Sophos’ report explores ransomware’s impact on manufacturing
Sophos has opened a new survey report The State of Ransomware in Manufacturing and Production 2023 which yielded some alarming facts for the industry.
Sophos is a cybersecurity champion, based in Oxfordshire, England, and founded in 1985.
Manufacturing leaders face ransomware threats
Sophos is one of the biggest pure-play cybersecurity providers, which protects over 500,000 organisations and more than 100m global users from ransomware, phishing and malware.
For the survey, Sophos polled 3,000 leaders in IT and cybersecurity, with 100 to 5,000 employees.
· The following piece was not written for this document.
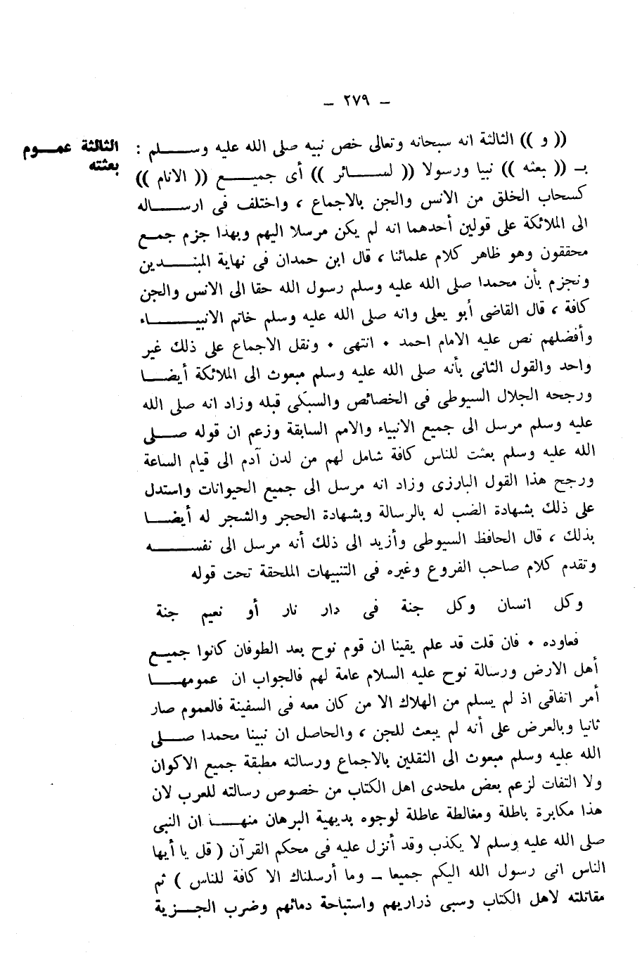 فَإِنْ قُلْتَ: قَدْ عُلِمَ يَقِينًا أَنَّ قَوْمَ نُوحٍ بَعْدَ الطُّوفَانِ كَانُوا جَمِيعَ أَهْلِ الْأَرْضِ، وَرِسَالَةُ نُوحٍ عَلَيْهِ السَّلَامُ عَامَّةٌ لَهُمْ، فَالْجَوَابُ: أَنَّ عُمُومَهَا أَمْرٌ اتِّفَاقِيٌّ إِذْ لَمْ يَسْلَمْ مِنَ الْهَلَاكِ إِلَّا مَنْ كَانَ مَعَهُ فِي السَّفِينَةِ، فَالْعُمُومُ صَارَ ثَانِيًا، وَبِالْعَرْضِ عَلَى أَنَّهُ لَمْ يُبْعَثْ لِلْجِنِّ، وَالْحَاصِلُ أَنَّ نَبِيَّنَا مُحَمَّدًا - صَلَّى اللَّهُ عَلَيْهِ وَسَلَّمَ - مَبْعُوثٌ إِلَى الثَّقَلَيْنِ بِالْإِجْمَاعِ، وَرِسَالَتُهُ مُطْبِقَةٌ جَمِيعَ الْأَكْوَانِ، وَلَا الْتِفَاتَ لِزَعْمِ بَعْضِ مُلْحِدِي أَهْلِ الْكِتَابِ مِنْ خُصُوصِ رِسَالَتِهِ لِلْعَرَبِ، لِأَنَّ هَذَا مُكَابَرَةٌ بَاطِلَةٌ، وَمُغَالَطَةٌ عَاطِلَةٌ لِوُجُوهٍ بَدِيهِيَّةِ الْبُرْهَانِ، مِنْهَا أَنَّ النَّبِيَّ - صَلَّى اللَّهُ عَلَيْهِ وَسَلَّمَ - لَا يَكْذِبُ، وَقَدْ أُنْزِلَ عَلَيْهِ فِي مُحْكَمِ الْقُرْآنِ {قُلْ يَا أَيُّهَا النَّاسُ إِنِّي رَسُولُ اللَّهِ إِلَيْكُمْ جَمِيعًا} [الأعراف: 158] {وَمَا أَرْسَلْنَاكَ إِلَّا كَافَّةً لِلنَّاسِ} [سبأ: 28] ثُمَّ مُقَاتَلَتُهُ لِأَهْلِ الْكِتَابِ وَسَبْيُ زَرَارِيِّهِمْ وَاسْتِبَاحَةُ دِمَائِهِمْ، وَضَرْبُ الْجِزْيَةِ

This included 363 manufacturing and production businesses, across 14 countries in the Americas, EMEA and Asia Pacific.
The results showed:
- In 68% of ransomware attacks against the manufacturing sector, the data was encrypted by the group behind the hack
- In 32% of cases where this happened, data was also stolen
- 73% of the manufacturers surveyed said they were using backups
- 55% of manufacturing businesses surveyed who were victims of such an attack recovered within one week
The main causes of ransomware attacks were reported to be:
- 27% of attacks said compromised credentials were the most common root cause
- 24% of incidents were caused by exploited vulnerabilities
- 41% of those surveyed blamed malicious emails or phishing
“While ransom payments cannot always be avoided, we know from our survey response data that paying a ransom doubles the costs of recovery,” said John Shier, field CTO at Sophos. “With 77% of manufacturing organisations reporting lost revenue after a ransomware attack, this added cost burden should be avoided, and priority placed on earlier detection and response.”
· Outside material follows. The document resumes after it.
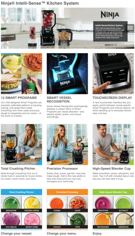 Ninja Intelli-Sense Kitchen System features one smart base that transforms into three high-performance appliances while 12 chef-designed Smart Programs effortlessly create an endless array of delicious recipes. With Ninjas Smart Vessel Recognition, program selection is easier than ever, so any time spent in the kitchen is as easy as Snap. Touch. Go.

Sophos’ knowledge of ransomware attacks
Manufacturing Digital previously interviewed Shier about his knowledge of ransomware attacks, where he discussed the difference between a cyber attack and a ransomware attack.
Information gained in a ransomware attack is kept from the public and offered back to the victim for a price.
In a cyberattack, there is no offer of negotiation.
“I would say that it's fairly rare to have nation states behind ransomware attacks that are for profit,” says Shier. “Nation states are generally after information, they're not really in it to make money; they're gathering intelligence, state secrets, intellectual property and information about activists.
“There's also a tool called X matter, which is also a data stealing tool that is being used by several different groups. It could be a single person that's part of this affiliate programme or it could be a bunch of people. You can also be part of more than one such programme. There's a whole bunch of these ransomware groups; as a group or an individual, you can participate in many of these schemes. Generally, they take anywhere from 10-20%, then the affiliates themselves get the rest of the profit.”